Este fue el centro de los dioses. Los veinte hombres durmieron tirados en el suelo a las puertas de la hacienda. Y aquella noche el orgasmo de las valquirias recorrió las serranías. El tercer dios, Wagner, había bajado a reunirse con sus congéneres. El hombre alemán quedó solo en la casa con sus tres dioses y a la mañana siguiente los hombres repasaron el rastro de sangre del piano sobre las piedras.

(En una región de Colombia se ha fundado un poblado, la casa más ancha de la localidad resplandece. Veinte hombres, los mismos, llegan a la puerta trayendo en su lomo un piano, el primero que se conoce en la región, el instrumento prodigioso, la caja de música de la civilización occidental, Mozart, Beethoven, Haydn, Brahms, Berlioz, todo contenido en un cajón de madera y unas manos. Sabemos de dónde viene, sabemos la fecha en que salió de Hamburgo, cuándo se hizo a la mar en Liverpool, cómo llegó a Cartagena, cómo durante años estuvo remontando el Río Magdalena, y sabemos que desde allí estos hombres han venido transportándolo durante años para llegar por fin y permitir que sus notas acuáticas se deslicen por el lomo de la noche caliente. Alguien toca el piano, hay parejas que danzan, hay amores que se tejen y destejen).

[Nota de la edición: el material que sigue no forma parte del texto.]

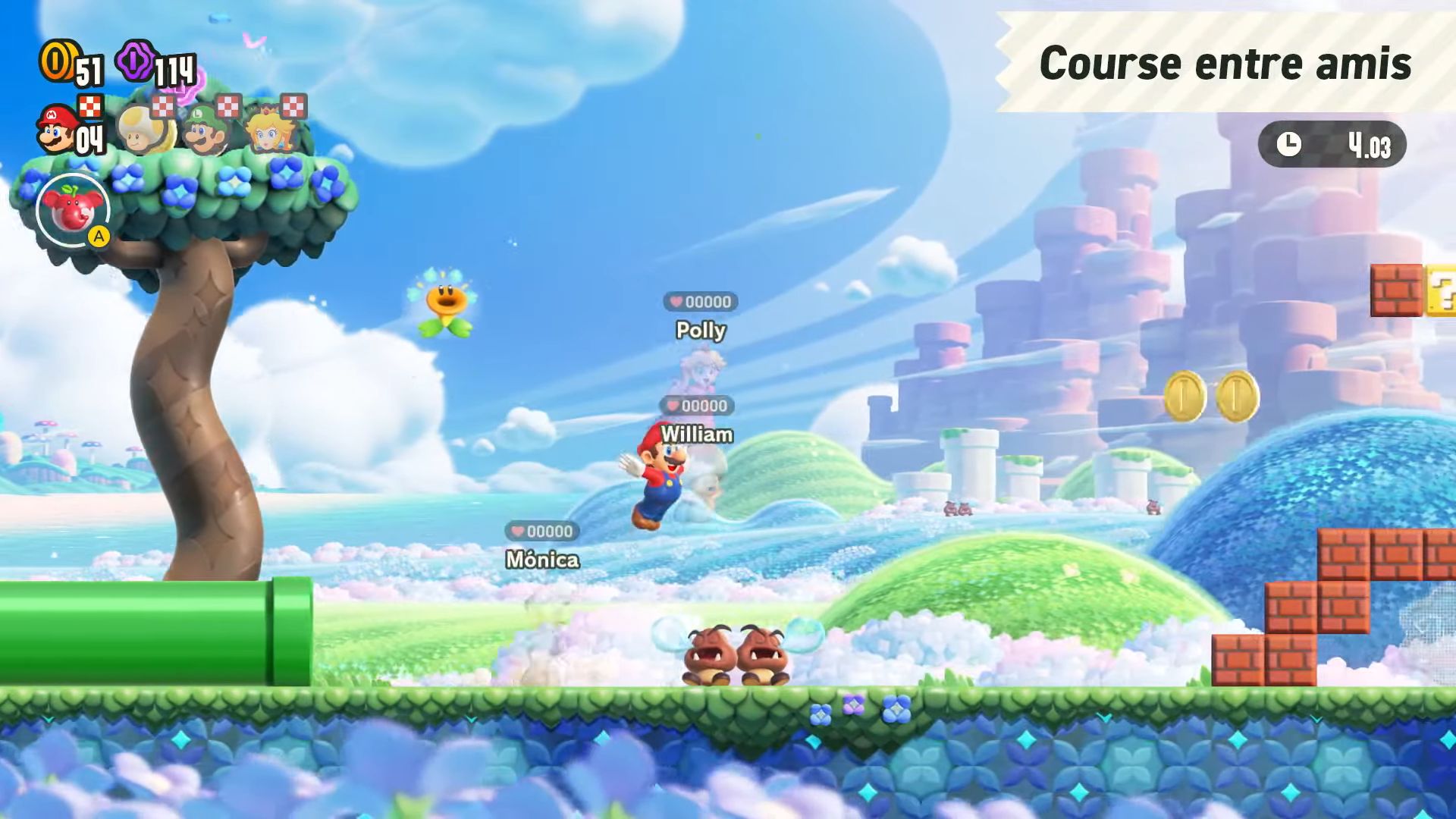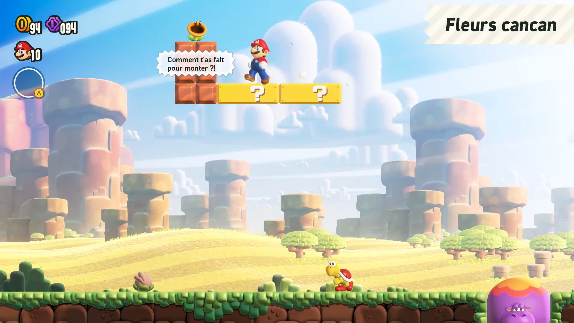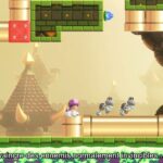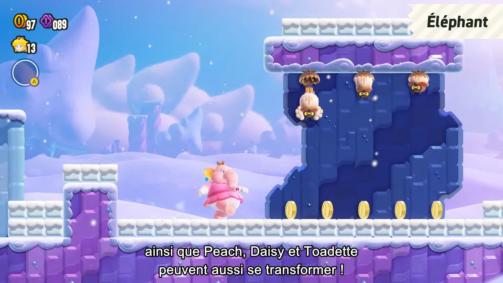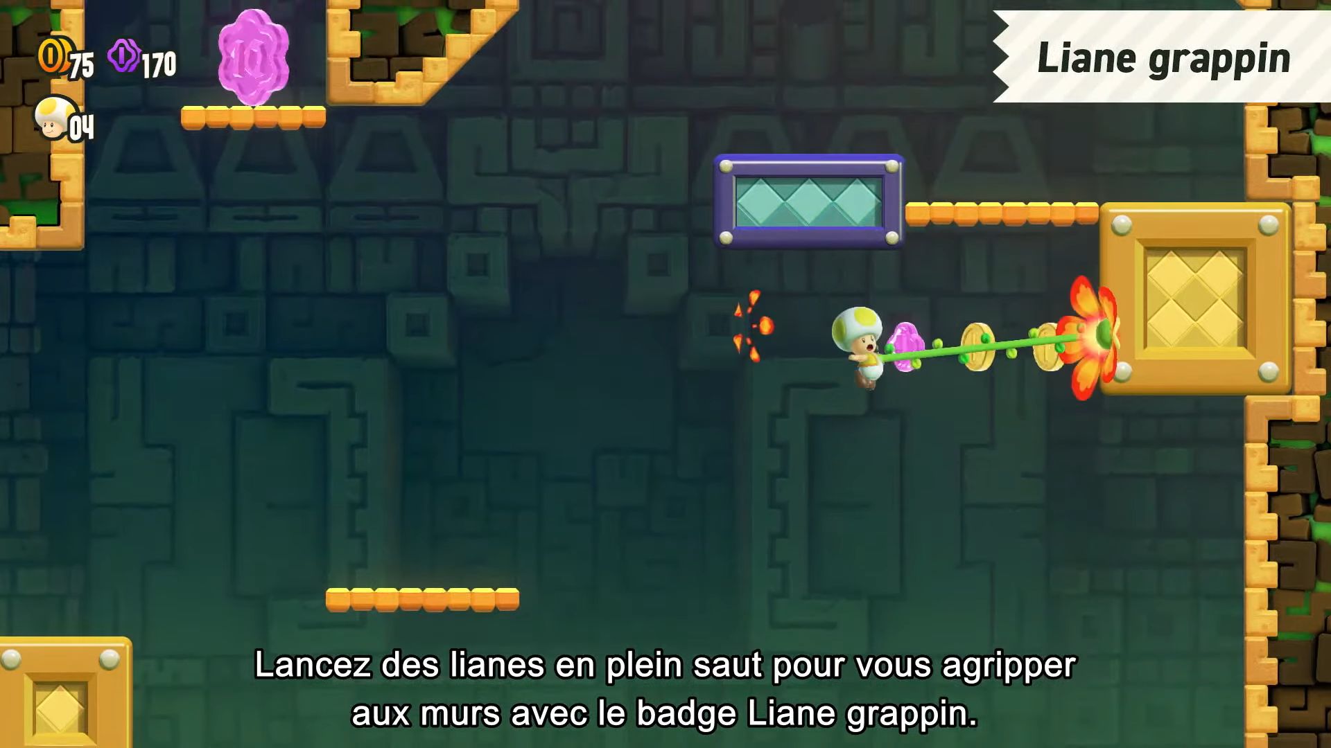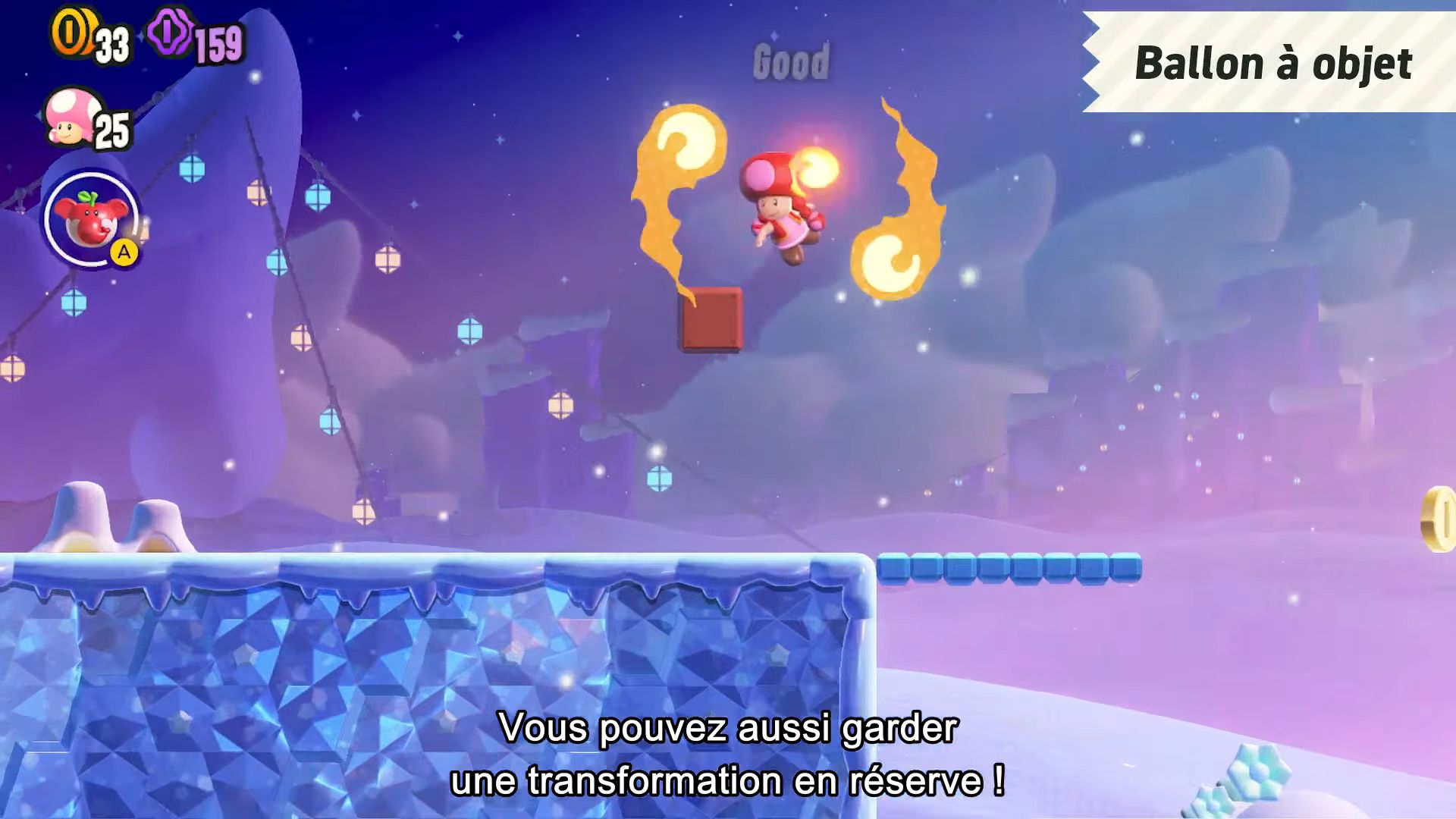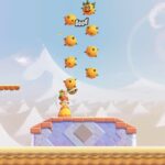 Certains prodiges peuvent même transformer notre personnage. Mario peut alors devenir un Goomba, une boule à pics, ou encore gonfler comme un ballon. Pour que le stage revienne à la normale, il suffira de mettre la main sur une graine prodige. Les graines prodiges sont aussi nécessaires pour déverrouiller certains stages. Un Poplin nous offrira également une graine prodige lorsque l’on atteindra l’arrivée d’un stage.

El abuelo ve que las manos siguen pulsando las teclas, oye surgir el chorro del sonido, lo siente extenderse indefinidamente, siente cómo va desparramándose sobre la llanura y va trepando del otro lado las montañas, y las notas resbalan sobre los tejados de la ciudad más antigua, y entran en las bóvedas entre las osamentas de los cautivos, y pasan a los palacios carcomidos en los cuales se abre la flor del inquilinato, el estigma de la casa de vecindad, el dolor de la pobreza, pero están en las gradas del poder, donde el Presidente en guerra fulmina contra los partidos expósitos el rayo del decreto, y están en la orilla del mar navegando en las goletas costeras y en la selva verde cruzada de pájaros, jaguares y serpientes, y en la puesta del sol, sobre las cimas de los Andes, al lado de la soledad cimarrona, y en la nieve extinta de los volcanes muertos.

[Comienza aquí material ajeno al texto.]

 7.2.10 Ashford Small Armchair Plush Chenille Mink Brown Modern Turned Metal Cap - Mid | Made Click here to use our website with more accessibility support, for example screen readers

Ferozmente, dulcemente, la espuma de las notas se arremolina con la velocidad del sonido y en éste va rodando, y se detiene en los caballos amarrados de los troperos sedientos, y baja a las trincheras de la guerra, a servirle de almohada a los muertos del pueblo, y está ante una pareja trenzada para engendrar un hijo, y suena en la celda de un monje que se flagela ardiendo de pecado, y está enredada en un balcón y retorcida en una callejuela y si el abuelo mira y escucha, sabe que está aquí, allá, muy lejos, que la música en este segundo cubre todos los espacios que puede abarcar su pensamiento y que es la misma música, en el mismo instante, que abarca ciudades y campos, hombres y mujeres, animales y desesperación, árboles y tranquilidad, cielo y tierra, y nadie sabe hasta dónde en este propio minuto alcanza a ir sonando esta música, entre balazos, entre risas, entre gritos de dolor, y el abuelo no sabe si es antes o después, sino que la música está en todas partes y sigue sonando y el tiempo es otra cosa, y la música está extendida, en este momento del mundo, y ahora oigo yo las notas, me siento incómodo dentro de la levita del abuelo y ahorcado con el cuello de pajarita, miro la madera oscura, sé que es el mismo piano que llegó a la casa del alemán, pero nunca estuvo allí, porque estuvo viajando para ver esta ciudad naciente. Pero el abuelo sabe —yo sé— que es el mismo, sin duda, porque en el flanco derecho tiene la huella del pistoletazo que mató a un hombre, y que ocasionó que fuese vendido en la subasta de Hamburgo.

Y el abuelo sabe que ahora el piano va a continuar su viaje.

FIN

Pedro Gómez Valderrama. Escritor y diplomático colombiano, Pedro Gómez Valderrama desarrolló su carrera como embajador en países como España o la URSS.

Gómez Valderrama destacó también en el ámbito cultural gracias a su participación en iniciativas como la revista Mito. En lo narrativo, su obra es conocida gracias a novelas como La nave de los locos o La otra raya del tigre.